Just so you understand the CIDH is composed of seven members, each proposed by a member country of the OAS. But the members are not representatives of the Government, the Governments propose them, but they have to be people who have a track record in the defense of human rights. Once they are accepted as members of the commission, the members are independent of the Governments.
Besides hearing cases on human rights, the members of the CIDH, write a yearly report. This report includes a chapter on which countries are considered to be delinquent countries in that severe human rights violations are or have taken place.
In 2005, the CIDH had four countries in the list: Cuba, Venezuela, Colombia and Ecuador. Ecuador, because democratically elected Presidents had been removed from office. Colombia, because of the continued violation of human rights by the paramilitary and Cuba and Venezuela for numerous violations. What sets apart Cuba and Venezuela is that in the other two cases, the CIDH did not say the Government was doing nothing about it, while in both the cases of Cuba and Venezuela, the CIDH noted the lack of effort by the Governments to defend Human Rights.
This years report was no different in the case of Venezuela.
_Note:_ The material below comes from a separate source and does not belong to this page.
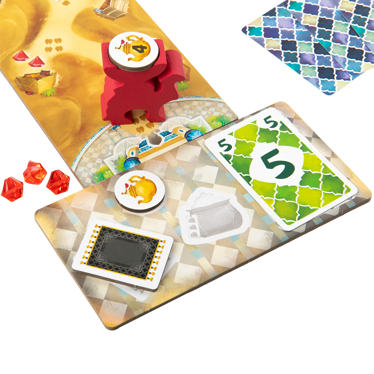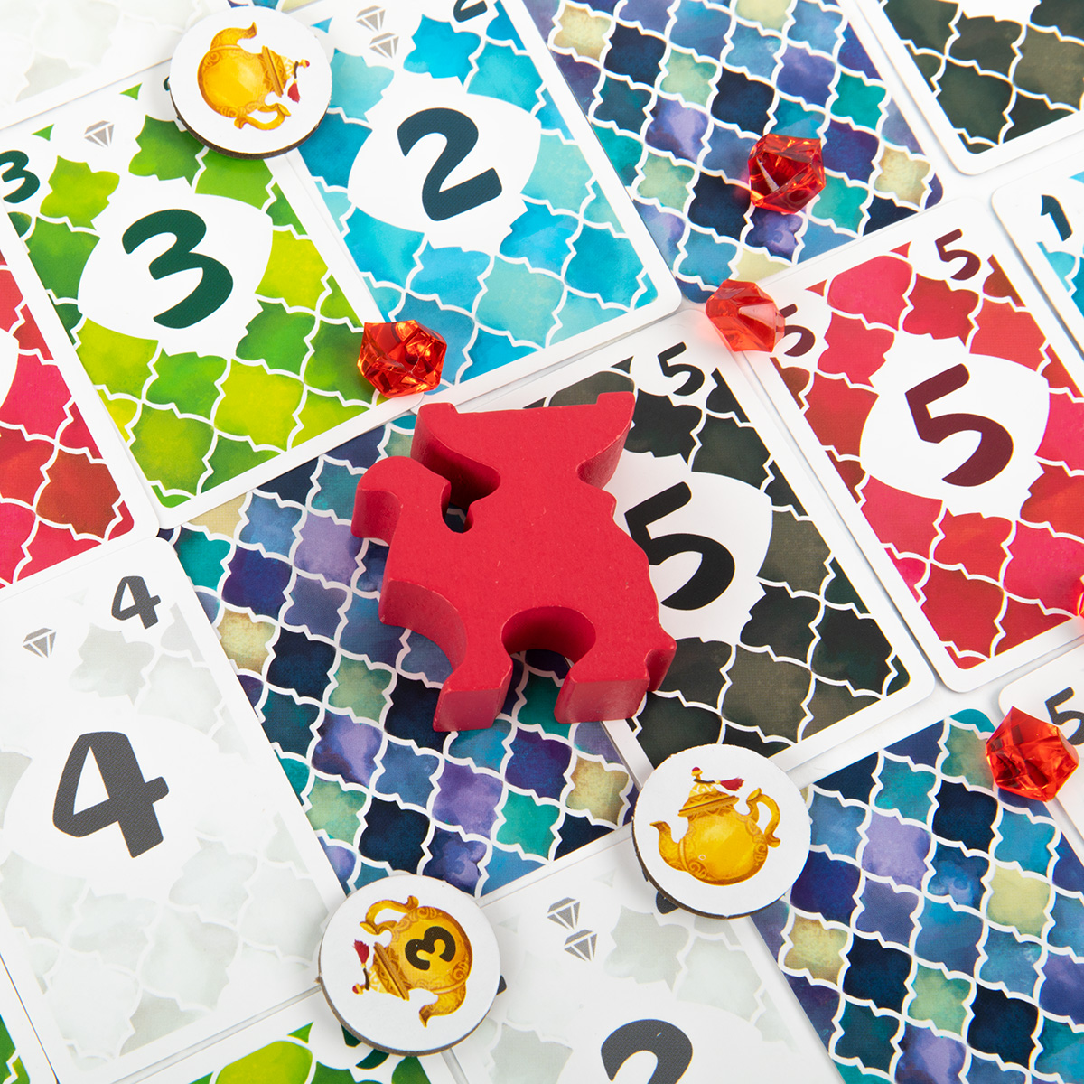 Ключевой элемент механики – своеобразное «перетягивание каната» верблюдами. Цвет карты определяет, какой верблюд двинется, а число на карте – сколько шагов он сделает по треку. Если несколько игроков сыграли карты одного цвета, верблюд идёт к тому, кто разыграл карту с меньшим номиналом, а остальные получают небольшую компенсацию в виде одного драгоценного камня. Это создаёт непростой выбор: вы либо гарантируете себе движение каравана, рискуя потерять часть выгоды, либо ставите на более высокое значение и надеетесь хотя бы на компенсацию.

There were four cases heard in front of the commission: The situation of human rights defenders in Venezuela, the problems of freedom of speech, the problems of instutotiunaility and respect for human rights and the problems with citizen security and para-police groups.
This generated a confrontation at the CIDH when the Venezuelan representative accused that body of bad faith, partiality and distorting informations. Members of the CIDH were offended by the language used by the Venezuelan diplomat in charge of human rights. They said never had the commission been as insulted. Moreover, he noted the attitude of the Chavez Government towards the CIDH and its seven members. The head of the CIDH recalled that Chavez called tem intellectuals eunuchs and once again reminded everyone that the Venezuelan Government ahs not allowed the customary visit by CIDH members and staff, which in his opinion, proves the lack of political will by Venezuela. He noted that his term will expire and he has never been able to go to Venezuela. Moreover, the Government has yet to act on any of the requests by the Commission to provide special protection to more than 200 jpurnalists or human rights activists that have been attacked, largely by pro-Chavez activists.
The Venezuelan Government considers many of the actions and activities of the CIDH to be an intromission in the countrys affairs, but countrys that signed the charter, recognize that it has constitutional hierarchy within the country, something the Chávez administration has refused to recognize.
For the second year in a row, Venezuela will once again be in the delinquent list, while the Peoples Ombudsman and Chavista human rights defenders look the other way or spend their time defending the rights of the Government.